Oregon-born, Brendan Stater-West followed his passion for wine all the way to Paris where he began working in a wine shop. He tasted a bottle from the renowned, Romain Guiberteau and knew he wanted to learn and work alongside the Saumur producer. A marriage to a lovely French woman made the move from bustling Paris to the gentle hills of Saumur a seamless one, and Romain Guiberteau took Brendan under his wing. Seeing Brendan's skill and work ethic, Romain leased him one hectare of vines situated next to his famous Clos du Guichaux lieu dit.

Brendan's hectare, named Les Chapaudaises, is located in the small village of Bizay, within a half-kilometer of Saumur's cherished hill of Brézé. The same sandy tuffeau limestone appears here and is the foundation of the fine-grained and elegant contours that's rightfully associated with Saumur's top sites.

Like Romain, Brendan's wines are based upon driving minerality, crisp citrus and orchard fruit notes, and are bone dry. Both winemakers block malolactic fermentation, a key in retaining the more taut and racy qualities of Chenin Blanc. Although a debut release for Les Chapaudaises, the composure and harmony of the wine points to years of familiarity with Bizay and Saumur. The wines of Guiberteau are among the great Chenin Blancs of France, and Brendan's cuvée belongs at the same table.

If Saumur and Brendan's wine can best be described as regal and disciplined, then Anjou and Patrick Baudouin are in fact much further apart in style than their close proximity would suggest.

Anjou's dry wines do not receive the same historical (and current) praise of their neighbors to the east. Nestled between the Loire and Layon river, the high humidity here is ideal for making sweet wines from botrytized grapes. Patrick's great work, however, is in the dry style and his La Fresnaye cuvée is the wine that highlights Anjou's potential.

Patrick's importer has used a JRR Tolkien book to convey the sense of the man and the wines from this 13.5-hectare estate. Without having met Patrick I can attest that the actual wine in the glass conjures magic, wizardry, and maybe just a touch of fairy dust. It's obvious from the first aromas to the texture of the first sip, this is simply unlike any Chenin Blanc you will ever taste. 

La Fresnaye is a single hectare parcel planted on an amalgamation of ancient soils containing predomiantely gravel and limstone. It's made in the dry style, but carries the honeyed and exotic spices that are mesmerizing put in this ususually higher acid form. In the past these notes have usually come with an overt bruised apple quality that tends to turn me off in Chenin. But here, the real magic is the fresh and lively nature of the orchard fruit that's still loaded with these savory elements. It's a high-wire act on a mystical stage.

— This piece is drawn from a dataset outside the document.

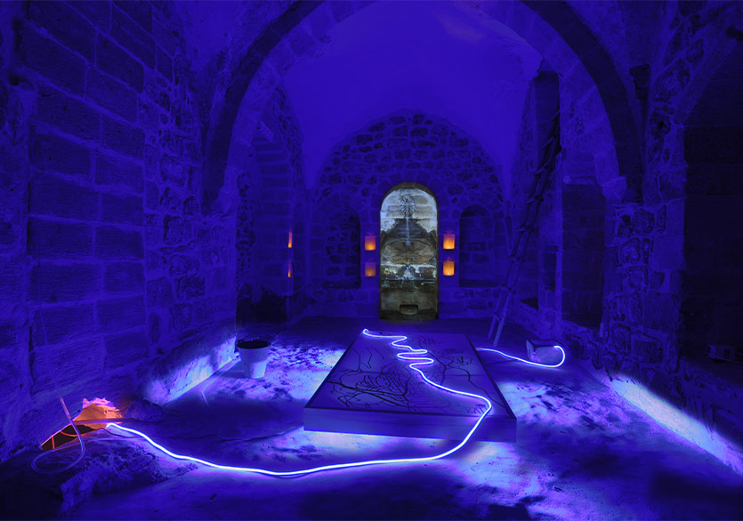 Serhat Kiraz ve Ayşe Ceren Solmaz sanatçı eşleşmesi döneminde üretilen Bu Bir Su Öyküsüdür adlı yerleştirme ise üretildiği ve sergilendiği mekânın yapısı, dokusu, tarihi ile de etkileşime geçen bir çalışma. Sanatçılar araştırma sürecinde, sergi mekânının altında bir kuyu olduğunu fark eder ve bu kuyu onların yaratıcı süreçlerinin ilk kaynağı olur. Araştırmaları sırasında ise Mardin’de neredeyse hemen her yapının altında bu türden kuyular olduğunu öğrenirler. Roma dönemine kadar geriye gittiğini düşündükleri bu su kuyularının, kentteki tarihi çeşmelerin, su kaynaklarının birçoğu zamanla kurumuştur. Hem kuruyan yer altı su kuyularını hem de hâlâ kullanımda olan yer yüzündeki tarihi çeşmelerin izini süren sanatçılar Mardin’in su haritasını çıkarır. Ceren Solmaz tek tek bu tarihi çeşmeleri ziyaret edip fotoğraflayarak harita üzerinde konumlandırmış. Sergilendiği odanın altındaki kuyudan çıkan ve kıvrılarak harita üzerinde akan mavi ışık ise, haritası çıkarılan bu su yolunu temsil eden bir ışık-su izine dönüşmüş.

Loire Valley Chenin Blanc may hold the single greatest potential within its diversity of styles. These examples from Saumur and Anjou showcase wildly different sides of the coin. They will reward those who place them in deep pockets of the cellar, but they are unquestionably delicious in their generosity today.

2015 Brendan Stater-West Saumur Blanc Les Chapaudaises
$44 per bottle.

2014 Patrick Baudouin Anjou La Fresnaye
$32 per bottle.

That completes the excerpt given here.